2017 is the longest recorded year and the best in a decade for the global chemical organization. Oil demand remains strong, but price volatility is below previous levels. With the development of shale technology, natural gas can meet the global power demand and chemical production at any time. New regulations and new mobile trends are expected to affect demand for refined products. Record M & A activities continue to reshape the competition pattern. For the rest of the decade, the chemical industry is expected to reach the top of a rising cycle, approaching a potential peak in the next decade

Despite the favorable conditions, it depends largely on whether the chemical organization is ready to stand in the digital age. In order to keep the current development sustainable and profitable at the speed determined by the market, it is essential for chemical companies to understand the global forces that drive change, including technological progress, raw material inventory and product supply, demand volatility and sustainability factors. Then, these companies must take action to adapt quickly and improve the experience of customers and employees by investing in operational flexibility and flexibility. They must also strive to manage costs by improving asset reliability and optimizing supply chains.

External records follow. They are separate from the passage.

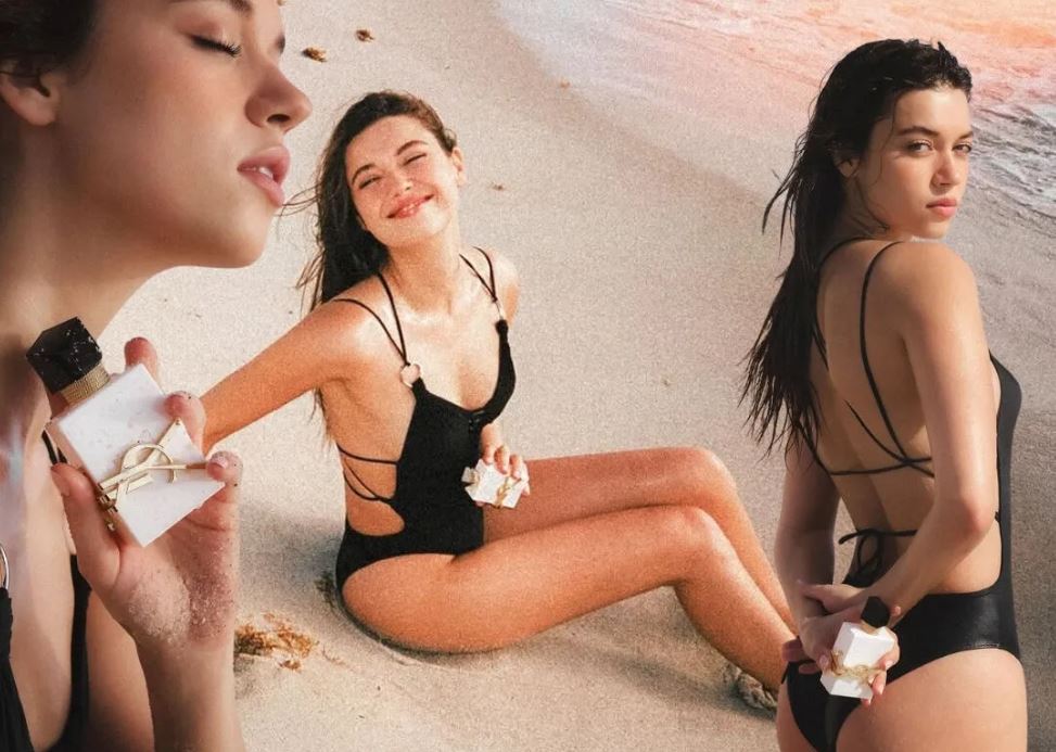 Ünlü oyuncu Afra Saraçoğlu, mayosunu giyip plajda elinde parfümle pozlar verdi.
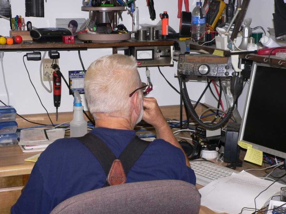 I surreptitiously took this picture of him this morning. He’s now having the stuff sync up (whatever that means.) I guess it’s making sure all the equipment, both physical and electronic, are on the same page. Then he’ll start a scan that goes through the whole band width from lower frequency to higher, listening for someone talking. (This will take quite awhile, so he’s playing tug of war with Amber.)
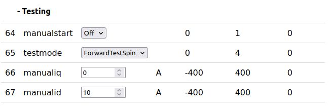 The first mode to use is ForwardTestSpin. It is selected in testmode as before, the value of Id to be used is set (10A seems a safe starting value): and then start the inverter in manual mode as before (note the inverter will continue to run in this mode until stopped using the Stop Inverter button).
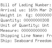 | US Importer Scanam Transport Usa Inc 768 S.Central Avenue,suite 200 Atlanta,ga 30354 Tel:1-404-7681717 Fax:1-404-7681712 Ctc:peter Hansen | US Notify Party Scanam Transport(Usa) Inc. 768 S.Central Avenue,suite 200 Atlanta,ga 30354 Tel:1-404-7681717 Fax:1-404-7681712 Ctc:peter Hansen | Exporter Scan Logistics Shanghai Representative Office 27 Floor,finance Square 333 Jiu Jiang Road Shanghai 200001 P.R.China Tel:21-63501666 | ![]() ![]() |
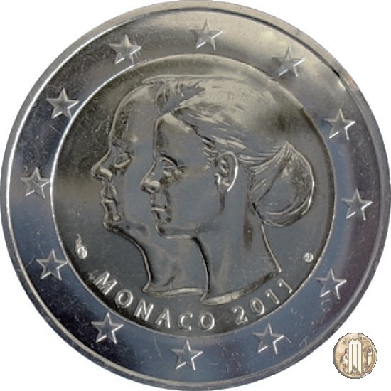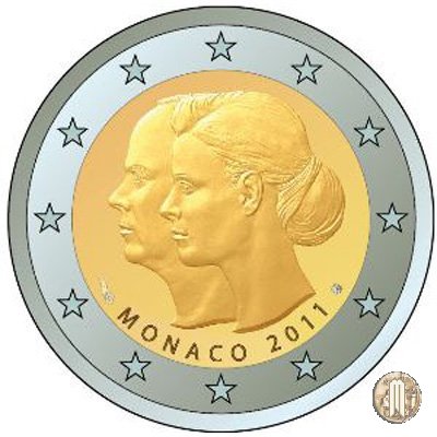 La parte interna della moneta reca, al centro, le effigi del principe Alberto e Charlene Wittstock. In basso il nome del paese emittente "MONACO" e l'anno di emissione "2011", con ai lati a sinistra la cornucopia, simbolo della Zecca di Parigi, e a destra il simbolo del direttore di zecca Yves Sampo, un pentagono con AGMP (Atelier de Gravure de la Monnaie de Paris et Pessac). Sul bordo esterno 12 stelle a cinque punte rappresentanti l'Unione Europea. Autore: Robert Prat
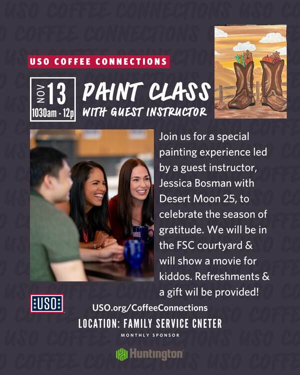 Join us at the USO for Coffee, Creativity, and Community! Each month, enjoy a unique craft project, delicious snacks, and the chance to relax and connect with fellow military spouses.

Both external and internal factors are putting pressure on chemical companies to build demand driven supply chain. From an external perspective, strengthening the review of recall and return requires traceability of products from procurement to manufacturing to finished products. It must be possible to address rapidly price fluctuations due to changes in the energy market (such as raw materials) and consumer markets (such as construction, automobiles, packaging and agriculture). With the increase of competition and the decrease of differentiation, innovation and the ability to quickly enter the market and transform from suppliers to solution providers are crucial. Supply chain also needs to manage supply and demand disruption due to different suppliers, regulations, geopolitical factors and cost pressures.

From the internal perspective, demand change is the direct result of the changes in the consumer industry (such as B2B), and different participation models are needed to reduce the impact on the supply chain. The supply chain also needs to address operational challenges caused by the lack of integration among the raw material quality and availability, scheduling and plant maintenance constraints, R & D schedules, and business units such as sales and marketing, R & D and production. In addition, the lack of supply chain visibility (including in transit inventory) often leads to poor optimization.

With the maturity of new market and the popularity of new material formula, the organizations of chemical industry find that they need flexible supply chain technology to meet the growing performance standards. At least, this means deploying predictive supply chain analysis systems and dynamic pricing systems. Next generation supply chain solutions may require automatic optimization and decision-making capabilities.

There is a gap in the effectiveness of the most important supply chain demand in chemical companies, which aggravates these demands. For example, two thirds of the 460 chemical Respondents involved in our survey said that increasing the use of analysis in supply chain data and costs is crucial. Only half of us, however, have told us that their supply chain functions are effective in this regard. chemical companies believe that the importance of advancing priorities (such as managing transport disruption, managing material quality and risk, improving demand forecasting, integrating financial, sales and operational plans) is far from their current proficiency in implementing these priorities. Of these ten requirements, the average efficiency gap is 11 per cent.